Irrigation makes no difference, the stimulated canal is the same however the nystagmus changes direction as if warm irrigation had been replaced by a cold one. What changes with the position of the head? The effect of the gravity vector on the otolithic system. Take, for example, a warm irrigation of the left ear: according to the above theory, the lean of the “straight ahead” motion is towards the right. When the head is leaned forward, the gravity vector does not change the direction or the “straight ahead” reference point. Conversely, again and again caloric stimulation makes the “straight ahead” reference lean towards the right-hand-side of the head. But as the referential has not changed, we have, if you like, moved from one side of the “equator” to the other.
We therefore find ourselves in a situation comparable to that of water, which when exiting the plughole, rotates in a clockwise direction in the northern hemisphere, but rotates in the opposite direction in the southern hemisphere. The “straight ahead” reference point still leans towards the same side, with regard to the gravity vector, but the head has moved from the “upwards-facing” to the “downwards-facing” position. It is therefore logical for the nystagmus to change direction.
It would therefore not appear to be a convection current issue. This is in keeping with observations made under zero gravity conditions.
It should not be forgotten that no test is perfect. The caloric test does have its shortcomings. It is not physiological, it operates at an excessively low frequency (0.03 Hz), and as far as its symmetry is concerned, it is totally dependent:
- on the ability of the tissues to transmit the temperature to the nerve endings,
- on the symmetry of the temperatures at the bottom of the duct,
- on the lack of an air meniscus between the surface of the water drop and the surface of the tympanum.
Still on the condition that there are no anatomical or morphological differences the two outer ear canals...
So what do we expect from these tests? It would appear that we can expect no more than a quantification of the system’s operational functioning at the reflex arc.
For the response to be unadulterated, we must get rid of all factors that might modify the response physiologically. We believe that the first margin of error is visual feedback.

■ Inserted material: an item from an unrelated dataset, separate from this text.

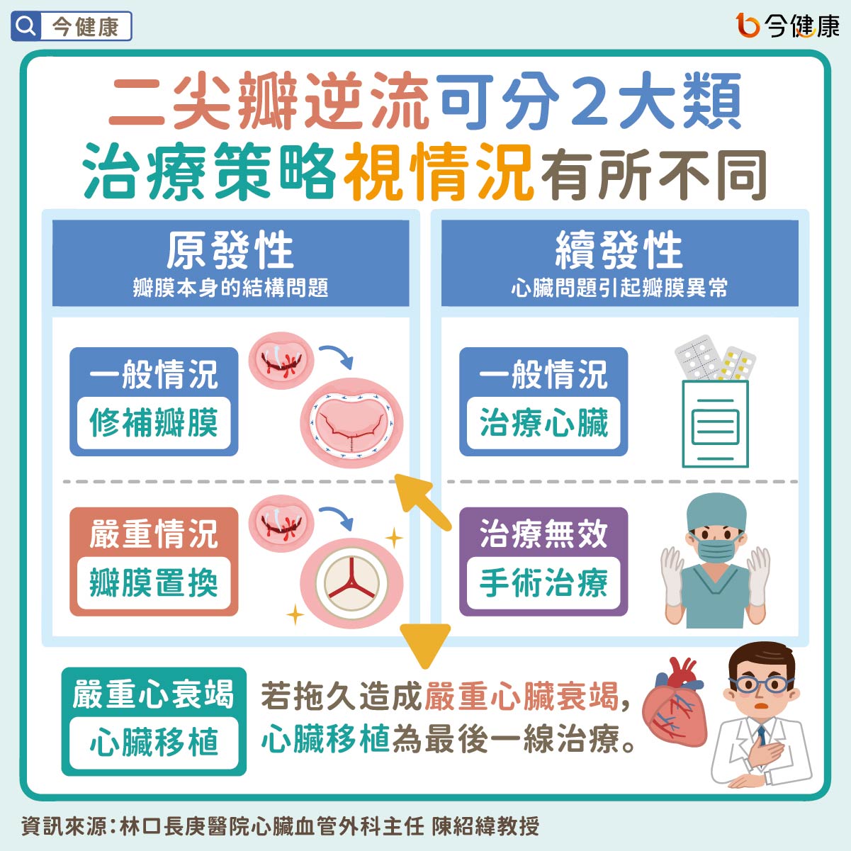 「二尖瓣逆流」可分2大類,治療策略視情況有所不同。

Can we in fact consider the control of the retinal slip to be standard, constant and identical for all induced eye movements? It is therefore important that all stimulations be carried out in complete darkness. For the response itself, we are gradually coming to the realisation that the frequency measurement is unreliable. Frequency can be the result of a specific strategy for each subject, and presumably dependent, not only on the state of awareness, but also on a series of external cortical factors.
Standardisation when carrying out and measuring a caloric stimulation therefore becomes very delicate. Is the reading of the response for thirty seconds after irrigation has been stopped really relevant?
We soon realise when reading through all of the responses registered during the videographic session that culmination is not always reached after a period of 30 seconds. Furthermore, it should not be forgotten that the formulae for directional preponderance and hypovalence should be used with the maximum eye speed of the slow phase. Is using them with a response at frequency still relevant in this case? It would appear that the true measurement of caloric testing should be observed by recording the eyes in the dark using a Vmax (maximum speed) of the slow phase. What E. Ulmer did with the use of his "radios".